I am 58 today.  In the last decade God’s gift to me has come by way of  regular house cleaning He is doing within, answering my prayer: “create in me a clean heart, O God, and renew a right spirit within me.” A humbling joy- filled peace is steadily replacing the cracks and corners where pride, anxiety, and fear once reigned.
He has been at it again in this week, dealing with an aspect of my nature that can sneak in and cloud my heart.
I am a people pleaser.   As such I can worry too much what others think.  I am breaking free of this tendency but there are times when I still need a stiff scrub brush.  I am not talking about casting off an unselfish life that prioritizes the needs of others.  I am referring to a consuming need to be approved by others resulting in a pressure to perform, that can mandate my decisions.
It’s been a unique week.  But then what should I expect after writing about “seeing opportunity in trouble” in the previous blog.  I had an unsettled sense that I should not go to work last Friday, knowing that my oldest daughter was struggling – really struggling- with “hyperemesis gravidarum”, the medical term for relentless vomiting.  I ran up to her home, fed Josiah and Kate breakfast and carted them off to their aunt Stevi’s house before heading to work however, leaving Erin hooked to an IV and medicine pump alone at home.
As I headed to work, my emotions were torn.  I wanted to be home with my daughter – a mother’s heart bleeds when a child is exceptionally ill or injured even when that child is an adult – but I had a day full of meetings and obligations to fulfill at work.  Trying to convince myself that I had to go to work, I realized I was really just torn over who to “let down” – and who to serve.  But deep inside, I clearly knew the answer – I needed to return home and be OK with not meeting the needs and expectations of others.  My own daughter needed her mother.
I have always said that I am a wife and mom first and that ministry and work fall in line after those roles.  That morning I had taken care of Erin’s children but I had left my her home alone, miserable and scared.  While I knew that Erin would handle this as best she could – Glen and I raised our kids to be strong and tenacious –her resolve in no way excused me from making the right choice.
Family is to stand in the gap for each other in times of crisis.  Sadly it is often more glamorous to stand in the gap for others.

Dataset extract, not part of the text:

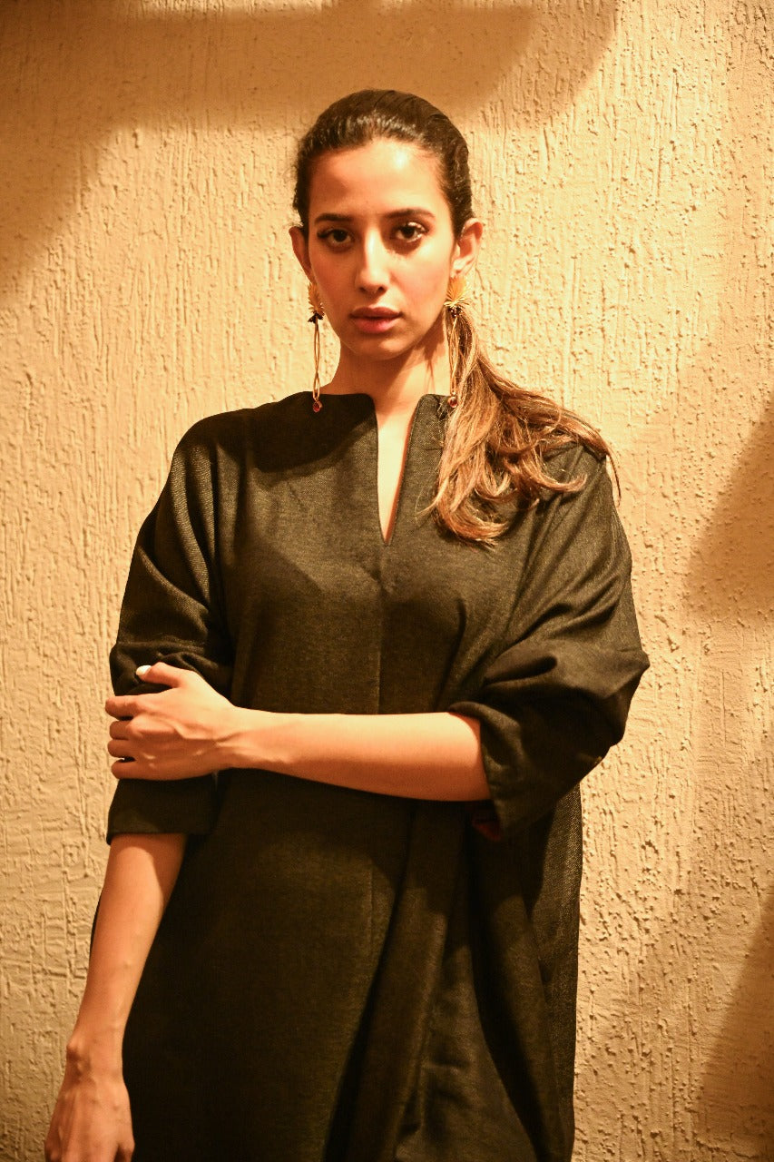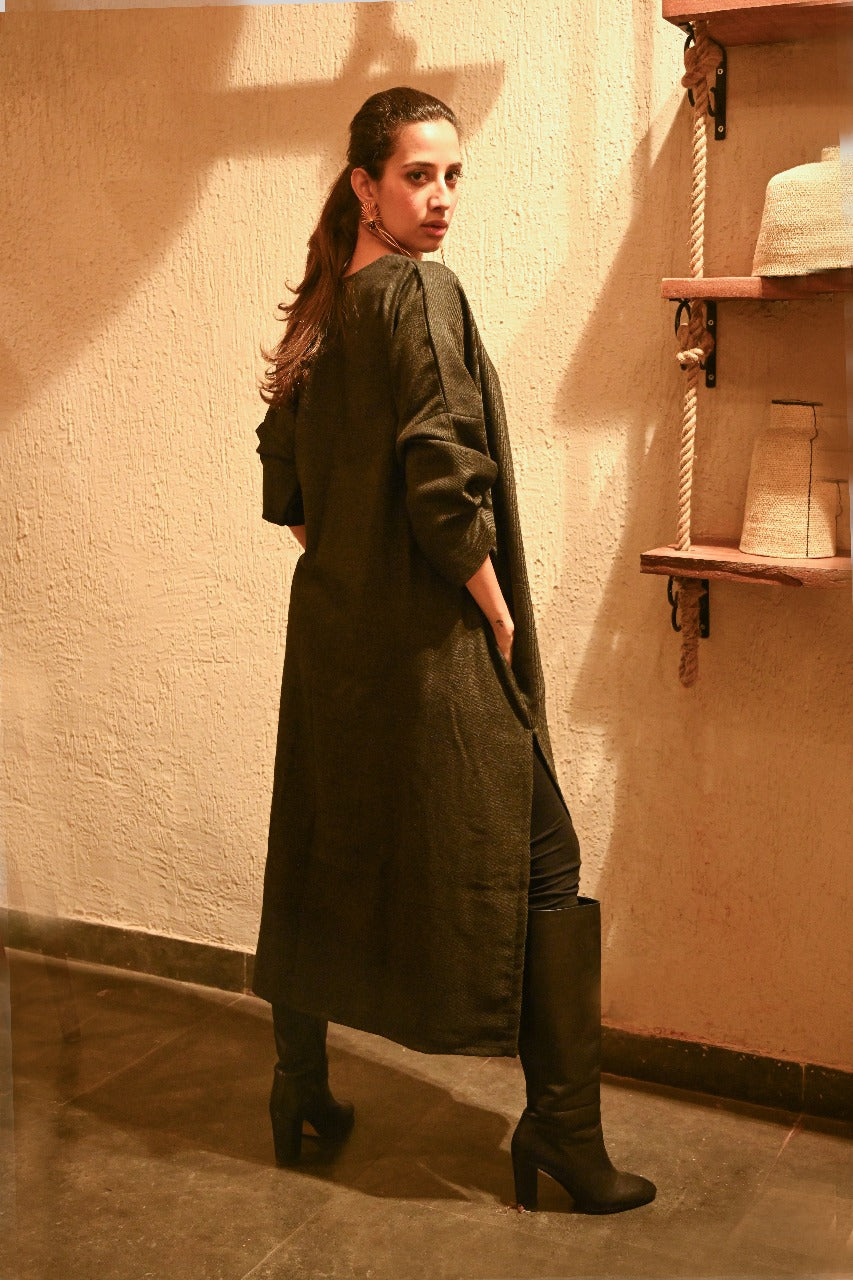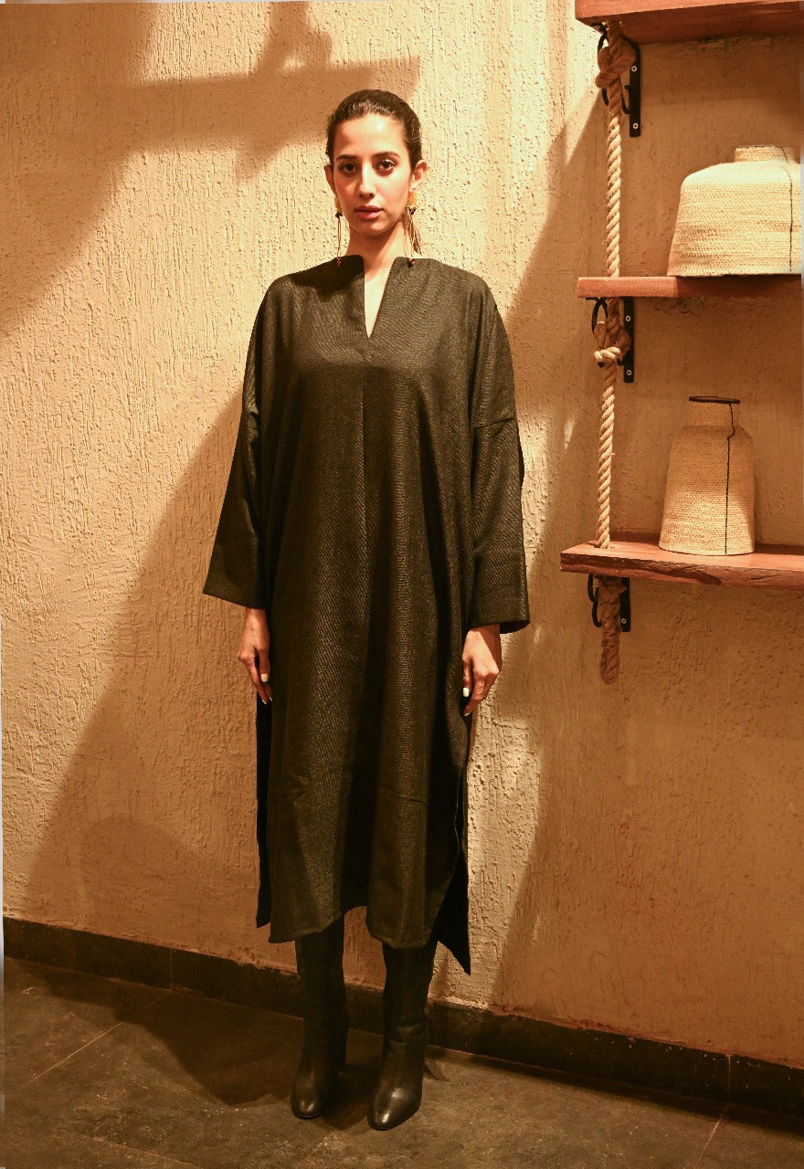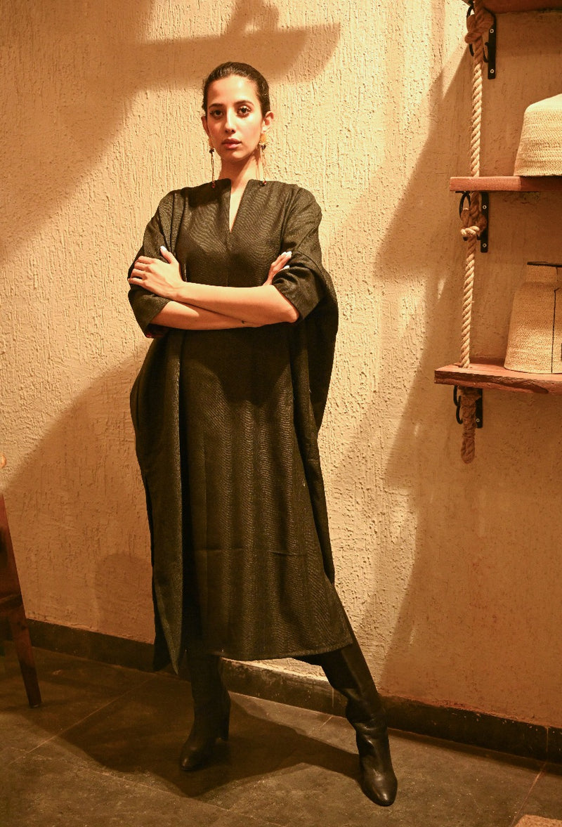 Pair it with black tights and long boots for a chic, powerful winter statement, or wear it with salwar and mojaris for a timeless Indian–Kashmiri elegance.

One’s identity can quickly get wrapped up in serving outside the home because it makes one feel important and valued. One can easily rationalize putting family off expecting them to understand the demands of the workplace or ministry.
Helping others is a good thing and especially in times of crisis but I wonder how many silent crises occur within a home that go unnoticed because family members are too busy attending to issues outside the home.  An unacceptably high number of Christian kids veer from the race of faith once they get past high school graduation, exiting for a variety of reasons.  For some, perhaps the authenticity of faith was not evident within the walls of their homes.  Their families served and did all the right things that church and others expected, but their own struggles were shoved aside and ignored.  Their questions about faith were left unanswered and dark issues within their hearts went unnoticed.
Whether your children will transfer faith forward to their children will be  determined by whether truth becomes permanently etched on their own hearts. And home is the most likely place for the etching to occur.
Is a performance mentality causing you to focus too much energy in quest for esteem from others?  This same mentality will drive your kids to do the same. Behaving well in the eyes of others can be accomplished for quite some time regardless of the condition of one’s hearts or hidden thoughts.  But a brightly painted outside with a hollow core will cave in over time.
Check your heart: Why do you do the things you do and who do you do them for?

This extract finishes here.